Former Tame Impala and Pond musician talks about losing control while creating his second solo album ‘Pure Gardiya’.

On his second solo album, Pure Gardiya (out May 27th), Nicholas Allbrook explores simpler expressions of his tendency for psychedelia and off-kilter pop. In contrast to the cosmic free-falling debauchery of Pond, his solo work leans towards introspection and the search for organic sounds through piano and strings. His assembled band conspired to shift Allbrook’s original aspiration for beauty into a wild intensity, alongside an image owing some inheritance to David Bowie glam and a vocal conviction similar to fellow Australian musician, Kirin J Callinan.

Before heading out on a European tour, Allbrook spoke to Rolling Stone about the new album, his thoughts on Australian identity and surreal moments during the rise of Tame Impala.

What was the recording process like for Pure Gardiya?
The recording was pretty different from the usual. Instead of just sitting in my room at home recording it, polishing the turds for like 12 months.

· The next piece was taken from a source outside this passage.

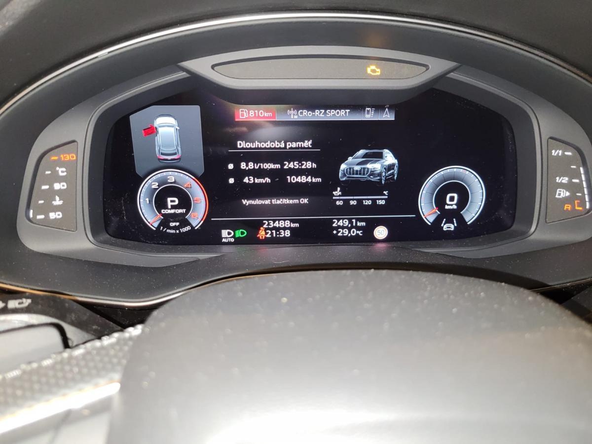 Nadstandardní výbava: | pohon 4x4, aut. převodovka, sportovní podvozek, ABS, stabilizace podvozku (ESP), protiprokluzový systém kol (ASR), asistent rozjezdu do kopce (HSA), hlídání jízdního pruhu, hlídání mrtvého úhlu, aut. zabrzdění v kopci, posilovač řízení, aut. klimatizace, man. klimatizace, nezávislé topení, nezávislé topení s čas. předehřívačem, tempomat, natáčecí světlomety, denní svícení, LED denní svícení, alu kola, palubní počítač, digitální přístrojový štít, volba jízdního režimu, satelitní navigace, parkovací senzory přední, parkovací senzory zadní, parkovací kamera, bezklíčové odemykání, senzor světel, senzor stěračů, nastavitelný volant, multifunkční volant, hands free, bluetooth, el. okna, střešní nosič, el. sklopná zrcátka, startování tlačítkem, imobilizér, centrál dálkový, centrální zamykání, sportovní sedadla, potahy kůže, isofix, kožené čalounění, ambientní osvětlení interiéru, vyhřívaná sedadla, el. seřiditelná sedadla, senzor tlaku v pneumatikách, zadní světla LED, ostřikovače světlometů, start-stop systém, USB, autorádio, dělená zadní sedadla, zadní loketní opěrka, zadní stěrač, tónovaná skla, zatmavená zadní skla, záruka, malý kožený paket, | |

I thought it would be more fun and inspiring to get a few musicians that I really respect and indulge in that more traditional way of recording.

Being the song man who has a bunch of songs written in a book. And then just going in with people who can play beautifully and doing it within a short set time.

Who are the musicians appearing on this record and how did those collaborations develop?
I met Ev (Evelyn Morris) years ago in New Zealand. She’s been constantly inspiring musically and artistically, in activism and writing. She makes music under the name Pikelet. I’ve always thought it was brilliant.

She’s the most talented musician I’ve ever known. If you can play hardcore drums as good as any hardcore drummer, and beautiful avant garde classical piano and sing perfectly and operate loop equipment immaculately then you must be some kind of demi-god.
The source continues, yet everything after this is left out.